Consumers using deposit accounts sometimes engage in transactions that exceed their accounts’ balances. Sometimes the depository institution will pay that transaction, resulting in an overdraft, but in many situations the depository institution will decline to pay the transaction and charge the consumer a non-sufficient fund” (NSF) fee.  Until recently, NSF fees were a significant source of fee revenue from deposit accounts for depository institutions; lately some financial institutions have voluntarily stopped charging such fees.  The CFPB is considering developing a proposed rule that would preliminarily identify the assessment of NSF fees in certain circumstances as an unfair, deceptive, or abusive act or practice (UDAAP) under section 1031(b) of the Consumer Financial Protection Act and impose requirements to prevent such UDAAPs.
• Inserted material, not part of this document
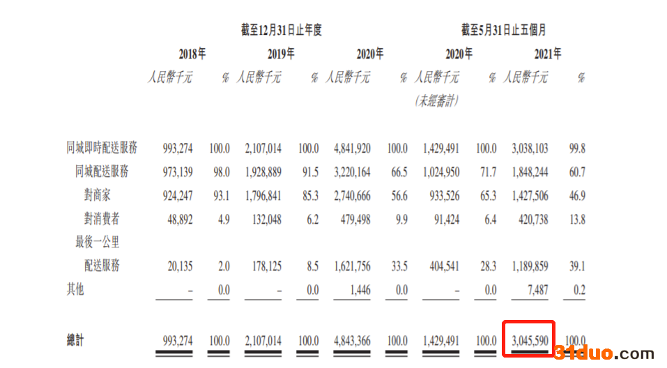 杭州顺丰同城实业来自五大客户的收入分别占同期总收入的67.8%、67.1%、61.2%及61.1%。于2018年、2019年、2020年各年及截至2021年5月31日止五个月,来自最大客户的收入分别占同期总收入的22.7%、19.4%、33.6%及38.6%。于2018年、2019年、2020年各年及截至2021年5月31日止五个月,来自顺丰控股集团的收入分别占同期总收入的2.9%、13.1%、33.6%及38.6%。

Agency: Consumer Financial Protection Bureau(CFPB)  Priority: Substantive, Nonsignificant 
RIN Status: Previously published in the Unified Agenda Agenda Stage of Rulemaking: Proposed Rule Stage 
Major: Undetermined  Unfunded Mandates: Undetermined 
CFR Citation: Not Yet Determined     (To search for a specific CFR, visit the Code of Federal Regulations.)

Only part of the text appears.